* [The records]
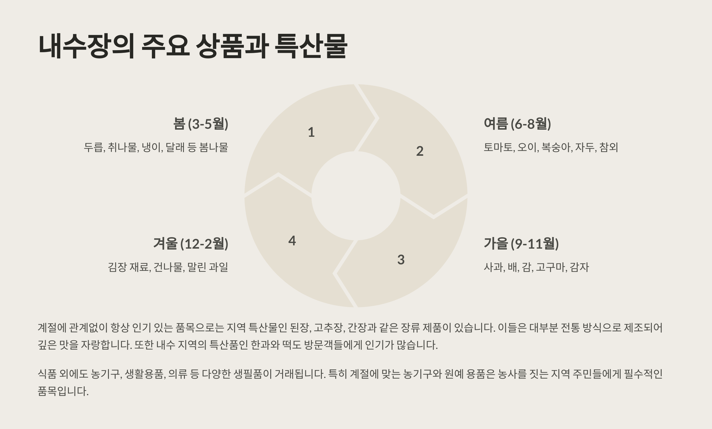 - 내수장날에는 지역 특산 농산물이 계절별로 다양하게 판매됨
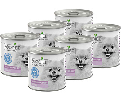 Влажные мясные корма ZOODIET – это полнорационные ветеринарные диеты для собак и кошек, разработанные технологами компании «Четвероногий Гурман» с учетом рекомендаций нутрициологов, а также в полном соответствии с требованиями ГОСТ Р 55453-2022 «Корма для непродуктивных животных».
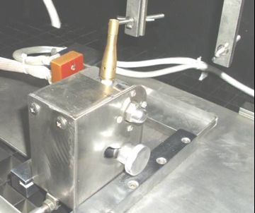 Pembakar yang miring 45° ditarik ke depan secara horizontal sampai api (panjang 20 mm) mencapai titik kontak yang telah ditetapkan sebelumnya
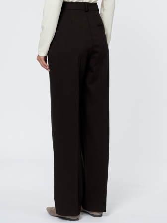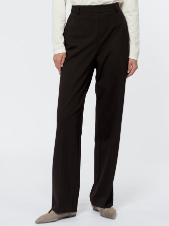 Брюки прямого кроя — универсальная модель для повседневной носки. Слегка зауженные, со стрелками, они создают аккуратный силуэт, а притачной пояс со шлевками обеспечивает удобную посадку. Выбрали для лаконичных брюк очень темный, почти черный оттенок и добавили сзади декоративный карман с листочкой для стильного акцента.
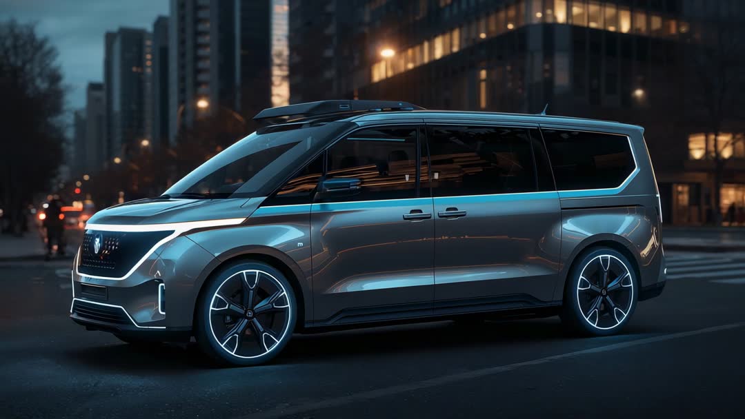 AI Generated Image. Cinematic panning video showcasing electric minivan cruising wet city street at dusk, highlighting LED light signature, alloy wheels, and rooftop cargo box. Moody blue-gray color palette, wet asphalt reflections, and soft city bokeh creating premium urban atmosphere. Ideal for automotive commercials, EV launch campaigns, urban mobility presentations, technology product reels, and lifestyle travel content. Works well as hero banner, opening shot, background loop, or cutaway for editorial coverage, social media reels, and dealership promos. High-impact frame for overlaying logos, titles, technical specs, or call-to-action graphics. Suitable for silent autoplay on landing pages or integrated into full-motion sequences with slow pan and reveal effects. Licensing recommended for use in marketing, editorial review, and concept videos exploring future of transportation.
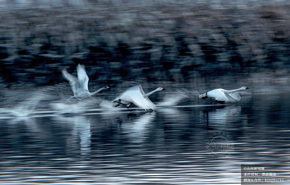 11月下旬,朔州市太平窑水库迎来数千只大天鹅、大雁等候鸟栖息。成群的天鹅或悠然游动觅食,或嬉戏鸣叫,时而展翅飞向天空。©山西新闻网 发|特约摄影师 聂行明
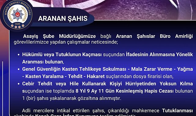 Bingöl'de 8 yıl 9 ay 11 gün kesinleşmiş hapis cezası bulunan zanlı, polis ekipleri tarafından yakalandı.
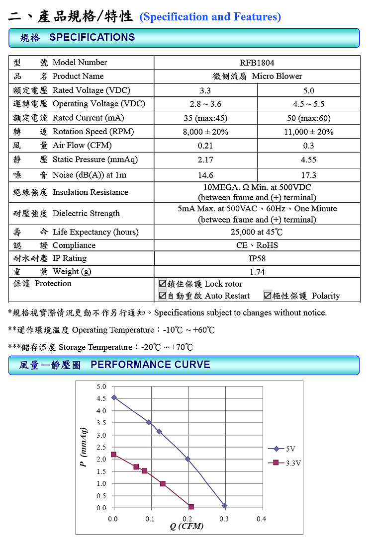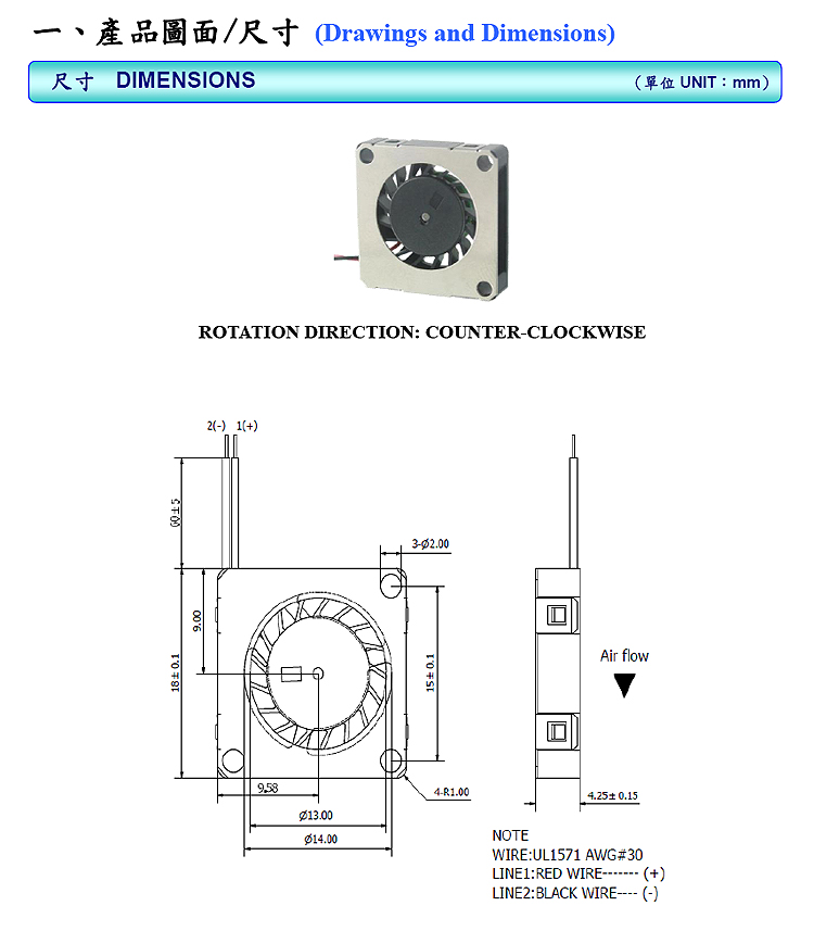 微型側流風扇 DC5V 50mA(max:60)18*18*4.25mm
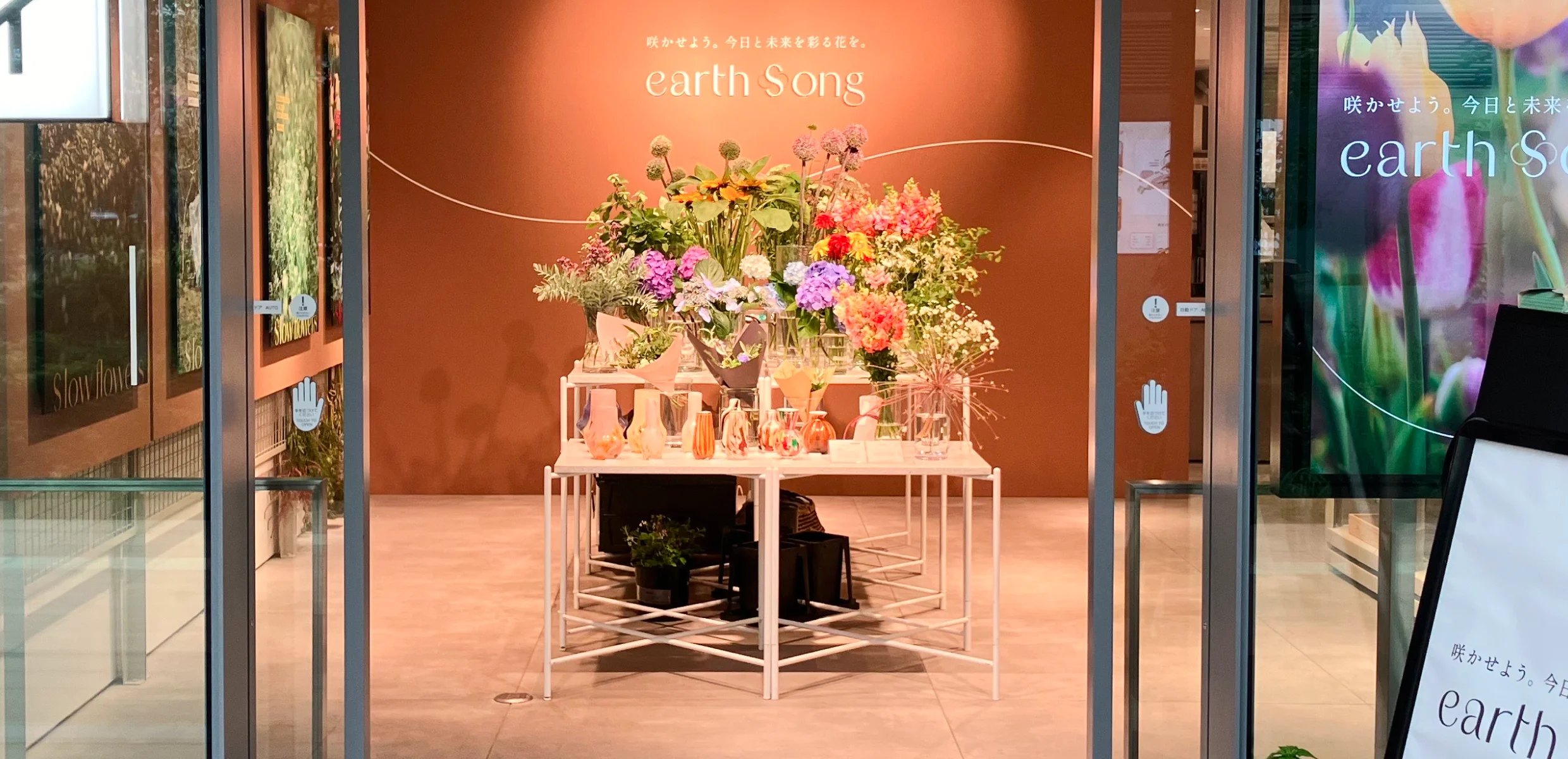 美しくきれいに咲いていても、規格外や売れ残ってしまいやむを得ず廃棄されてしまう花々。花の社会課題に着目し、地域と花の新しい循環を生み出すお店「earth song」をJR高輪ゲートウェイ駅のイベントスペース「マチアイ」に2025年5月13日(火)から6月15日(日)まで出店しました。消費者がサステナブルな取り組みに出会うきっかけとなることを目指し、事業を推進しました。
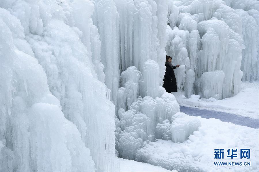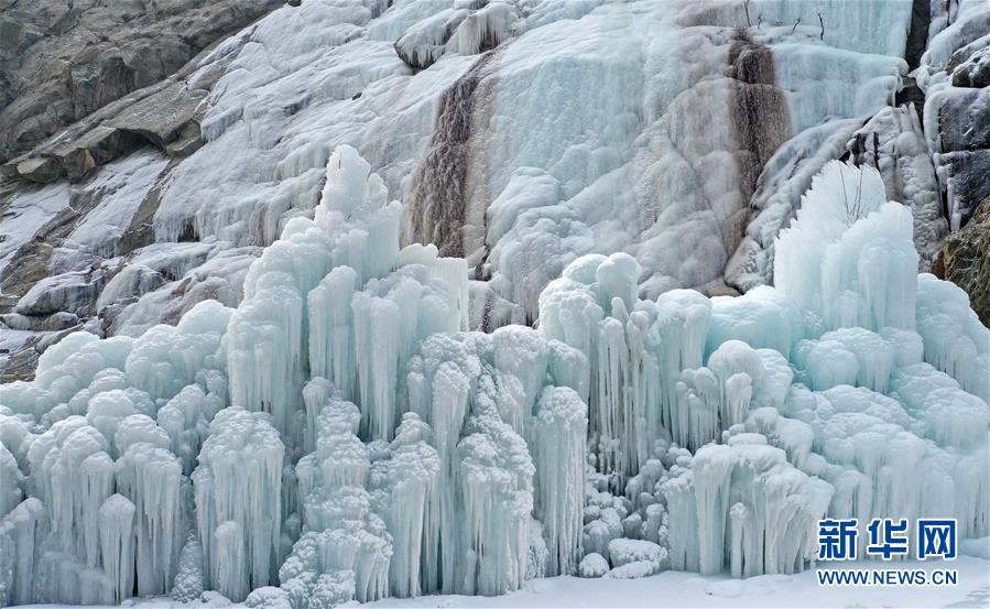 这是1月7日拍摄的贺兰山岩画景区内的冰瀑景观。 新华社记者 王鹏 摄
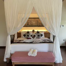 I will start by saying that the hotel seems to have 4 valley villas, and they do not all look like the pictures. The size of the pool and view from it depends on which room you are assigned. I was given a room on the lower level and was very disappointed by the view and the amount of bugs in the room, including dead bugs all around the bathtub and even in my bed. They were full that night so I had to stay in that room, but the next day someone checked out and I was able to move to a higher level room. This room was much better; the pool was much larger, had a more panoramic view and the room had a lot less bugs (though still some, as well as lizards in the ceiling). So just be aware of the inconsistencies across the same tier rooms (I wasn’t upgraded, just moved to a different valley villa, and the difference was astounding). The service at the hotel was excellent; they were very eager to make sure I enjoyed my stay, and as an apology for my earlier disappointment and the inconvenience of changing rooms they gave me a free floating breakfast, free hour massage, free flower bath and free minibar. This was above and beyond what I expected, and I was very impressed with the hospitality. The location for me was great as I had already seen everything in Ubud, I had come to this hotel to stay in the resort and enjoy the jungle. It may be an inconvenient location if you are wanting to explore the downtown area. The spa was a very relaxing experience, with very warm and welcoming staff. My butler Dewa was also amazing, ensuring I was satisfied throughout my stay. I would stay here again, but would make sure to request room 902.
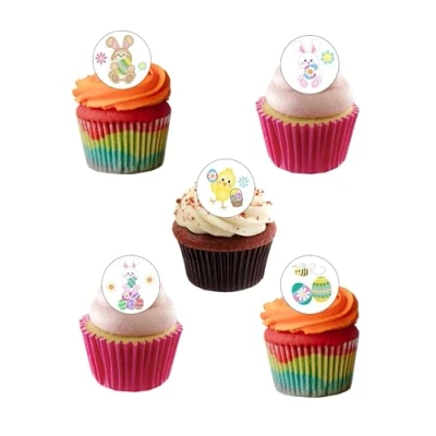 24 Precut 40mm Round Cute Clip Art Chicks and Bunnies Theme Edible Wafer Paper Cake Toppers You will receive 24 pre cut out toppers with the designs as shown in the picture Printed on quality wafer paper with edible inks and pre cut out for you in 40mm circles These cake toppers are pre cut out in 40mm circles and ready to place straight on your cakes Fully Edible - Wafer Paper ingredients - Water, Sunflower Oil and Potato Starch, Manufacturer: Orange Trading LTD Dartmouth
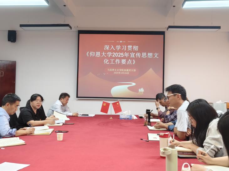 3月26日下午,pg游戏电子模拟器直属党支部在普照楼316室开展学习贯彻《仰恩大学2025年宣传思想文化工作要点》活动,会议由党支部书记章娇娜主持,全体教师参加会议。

* [Action item] Your task is to reproduce the entries above word for word, from the first line through the line with "Брюки прямого кроя", and please leave out any pictures.

* [Reply to the exercise]
 - 내수장날에는 지역 특산 농산물이 계절별로 다양하게 판매됨
 Влажные мясные корма ZOODIET – это полнорационные ветеринарные диеты для собак и кошек, разработанные технологами компании «Четвероногий Гурман» с учетом рекомендаций нутрициологов, а также в полном соответствии с требованиями ГОСТ Р 55453-2022 «Корма для непродуктивных животных».
 Pembakar yang miring 45° ditarik ke depan secara horizontal sampai api (panjang 20 mm) mencapai titik kontak yang telah ditetapkan sebelumnya
 Брюки прямого кроя — универсальная модель для повседневной носки. Слегка зауженные, со стрелками, они создают аккуратный силуэт, а притачной пояс со шлевками обеспечивает удобную посадку. Выбрали для лаконичных брюк очень темный, почти черный оттенок и добавили сзади декоративный карман с листочкой для стильного акцента.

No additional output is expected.